3. Un ralliement à Raphaël Glucksmann ou Jean-Luc Mélenchon : Une partie des écologistes, lassée des querelles internes, pourrait opter pour un soutien à l’un ou l’autre de ces candidats, au prix d’un renoncement à l’indépendance du parti. Une option qui divise autant qu’elle séduit, certains y voyant une trahison, d’autres une nécessité stratégique.

Quelle que soit l’issue de ce conseil fédéral, une chose est sûre : les Verts ne sortiront pas indemnes de cette bataille. Et alors que la gauche française tente désespérément de se reconstruire, l’incapacité des écologistes à trouver un terrain d’entente pourrait bien sceller le déclin d’un parti autrefois incontournable.

L’Europe et la gauche : un soutien qui s’effrite ?
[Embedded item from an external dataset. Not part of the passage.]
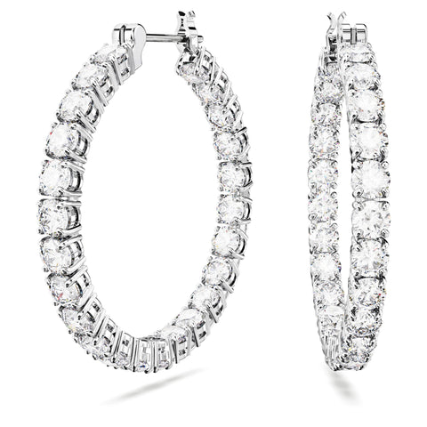 Matrix hoop earrings Round cut, White, Rhodium plated 5647715

Alors que l’Union européenne, sous la présidence d’Emmanuel Macron, tente de se positionner comme un rempart face aux dérives autoritaires de certains États membres, les divisions de la gauche française risquent de renforcer les voix eurosceptiques. Des pays comme l’Allemagne, les pays nordiques ou les États baltes, traditionnellement proches des Verts français, pourraient s’interroger sur la capacité de ces derniers à incarner une alternative cohérente. « Si la gauche française ne parvient pas à s’unir, comment peut-elle prétendre peser à Bruxelles ? », s’interroge un diplomate européen sous couvert d’anonymat.
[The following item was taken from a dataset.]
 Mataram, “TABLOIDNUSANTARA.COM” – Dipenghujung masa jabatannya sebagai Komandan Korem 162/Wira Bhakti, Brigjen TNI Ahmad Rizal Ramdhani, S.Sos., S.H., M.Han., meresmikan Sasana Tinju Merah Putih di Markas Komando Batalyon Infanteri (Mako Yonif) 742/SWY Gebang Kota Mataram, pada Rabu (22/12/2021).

Dans ce contexte, la crise chez EELV dépasse les frontières nationales. Elle interroge la capacité de la gauche européenne à proposer un projet fédérateur dans un continent de plus en plus fracturé. Une question d’autant plus urgente que les défis climatiques et sociaux ne connaissent pas de frontières.

Ce qui est en jeu pour la présidentielle de 2027

Au-delà des querelles internes, c’est l’avenir même du projet écologiste qui se joue dans les prochaines semaines. Plusieurs scénarios se dessinent, chacun avec ses forces et ses faiblesses :

Un échec de la primaire : Si les écologistes ne parviennent pas à s’accorder sur une candidature commune, ils pourraient être exclus des débats nationaux, réduits à un rôle de figurants. Une perspective d’autant plus inquiétante que le Rassemblement National et la droite républicaine occupent déjà une grande partie de l’espace médiatique.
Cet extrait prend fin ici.